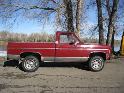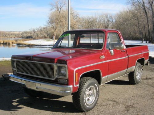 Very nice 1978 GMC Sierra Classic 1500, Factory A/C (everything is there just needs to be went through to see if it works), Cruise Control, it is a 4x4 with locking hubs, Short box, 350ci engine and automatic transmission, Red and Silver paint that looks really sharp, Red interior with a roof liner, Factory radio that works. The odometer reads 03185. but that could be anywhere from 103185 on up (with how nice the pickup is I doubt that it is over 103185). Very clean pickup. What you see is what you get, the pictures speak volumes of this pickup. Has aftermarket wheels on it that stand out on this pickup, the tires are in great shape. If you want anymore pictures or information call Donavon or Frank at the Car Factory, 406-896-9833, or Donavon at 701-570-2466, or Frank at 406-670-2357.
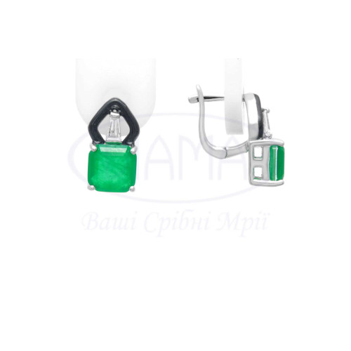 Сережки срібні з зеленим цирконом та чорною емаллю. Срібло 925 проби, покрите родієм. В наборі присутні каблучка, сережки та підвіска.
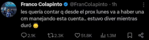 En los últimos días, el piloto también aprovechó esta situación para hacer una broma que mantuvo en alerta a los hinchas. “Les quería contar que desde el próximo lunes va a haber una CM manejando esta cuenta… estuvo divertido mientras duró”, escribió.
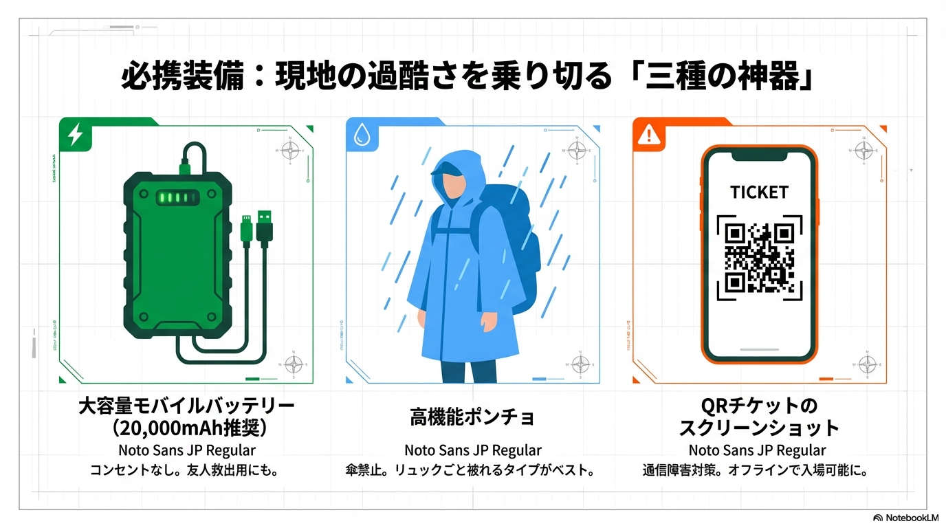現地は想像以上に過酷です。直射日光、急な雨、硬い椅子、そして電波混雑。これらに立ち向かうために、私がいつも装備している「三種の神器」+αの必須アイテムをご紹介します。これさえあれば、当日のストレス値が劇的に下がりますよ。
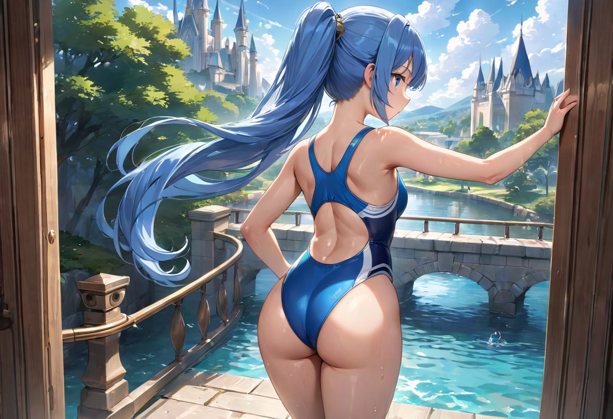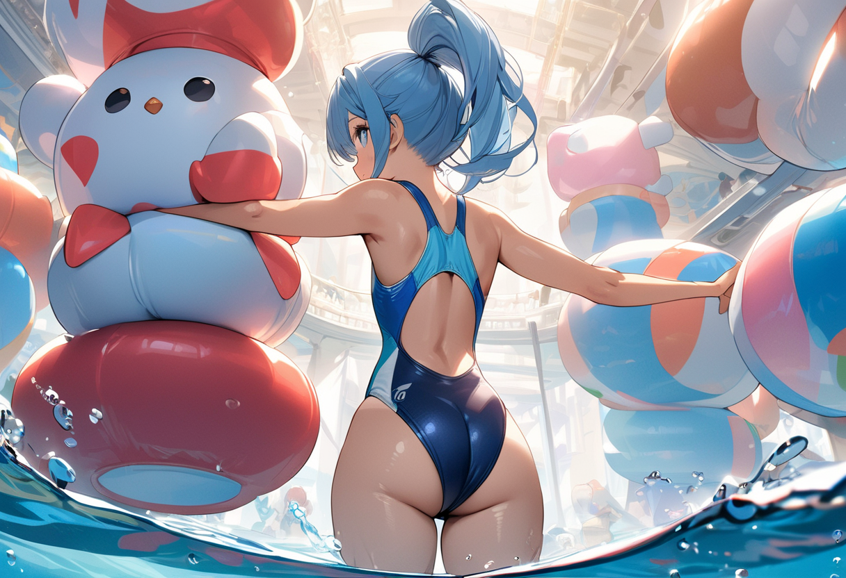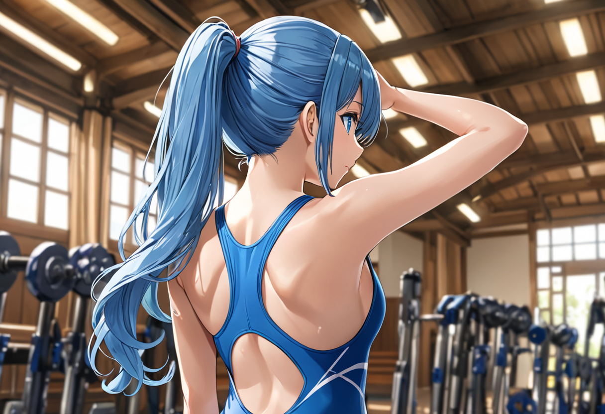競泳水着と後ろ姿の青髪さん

####

▶ [Problem to solve] Omit the pictures and print again exactly the lines from the one with "En los últimos" through the final line of the entries, both ends included.

▶ [Answer to this problem]
 En los últimos días, el piloto también aprovechó esta situación para hacer una broma que mantuvo en alerta a los hinchas. “Les quería contar que desde el próximo lunes va a haber una CM manejando esta cuenta… estuvo divertido mientras duró”, escribió.
現地は想像以上に過酷です。直射日光、急な雨、硬い椅子、そして電波混雑。これらに立ち向かうために、私がいつも装備している「三種の神器」+αの必須アイテムをご紹介します。これさえあれば、当日のストレス値が劇的に下がりますよ。
競泳水着と後ろ姿の青髪さん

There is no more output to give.